And this is the practical example I mentioned above. I'm sure readers understand that this is just one example, of what could go wrong on the hardware level (and be reachable to a software-only attacker). Don't ignore hardware security! Even for software attacks!

A good question to ask is: would a system with a formally verified microkernel also be vulnerable to such an attack? And the answer is yes! Yes, unless we could model and prove correctness of the whole chipset and the CPU. But nobody can do that today, because it is impossible to build such a model.
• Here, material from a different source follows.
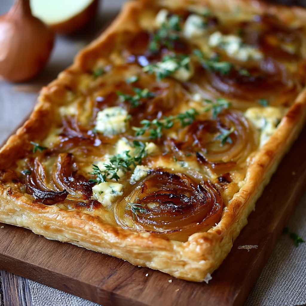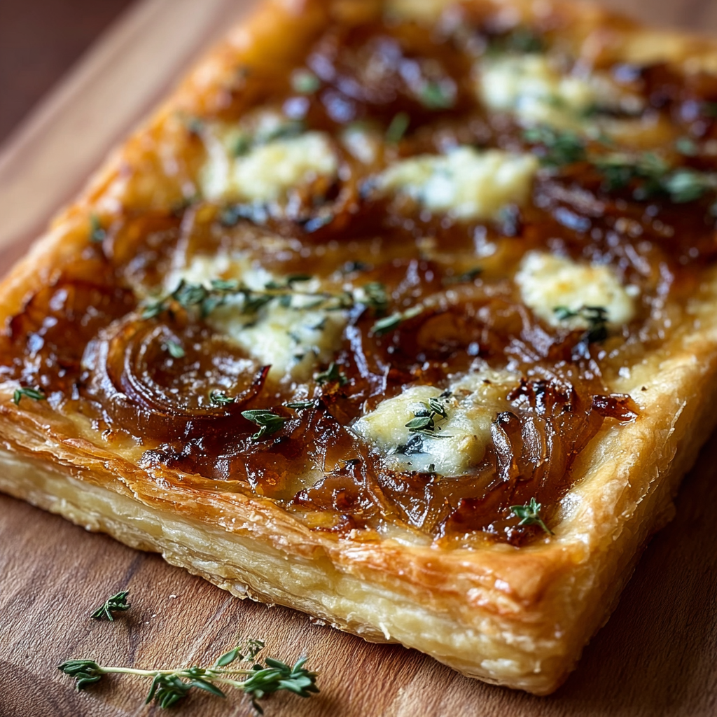 Caramelized Onion and Cheese Tart Flaky Puff Pastry with Gruyere and Thyme

If it was, I'm pretty sure Intel would already have such a model and they would not release an SINIT module with this stupid implementation bug we found and exploited in our attack.

So, we see an example of a practical attack that could be used to fully compromise a well designed system, even if it had a formally verified microkernel/hypervisor. Compromise it remotely, over the network!

So, are all those whole microkernel/hypervisor formal verification attempts just a waste of time? Are they only good for academics so that they could write more papers for conferences? Or for some companies to use them in marketing?

Perhaps the formal verification of system software will never be able to catch up with the pace of hardware development... By the time people will learn how to build models (and how to solve them) for hardware used today, the hardware manufactures, in the meantime, will present a few new generations of the hardware. For which the academics will need another 5 years to catch up, and so on.

Perhaps the industry will take a different approach. Perhaps in the coming years we will get hardware that would allow us to create untrusted hypervisors/kernels that would not be able to read/write usermode pages (Hey Howard;)? This is currently not possible with the hardware we have, but, hey, why would a hypervisor need access to the Firefox pages?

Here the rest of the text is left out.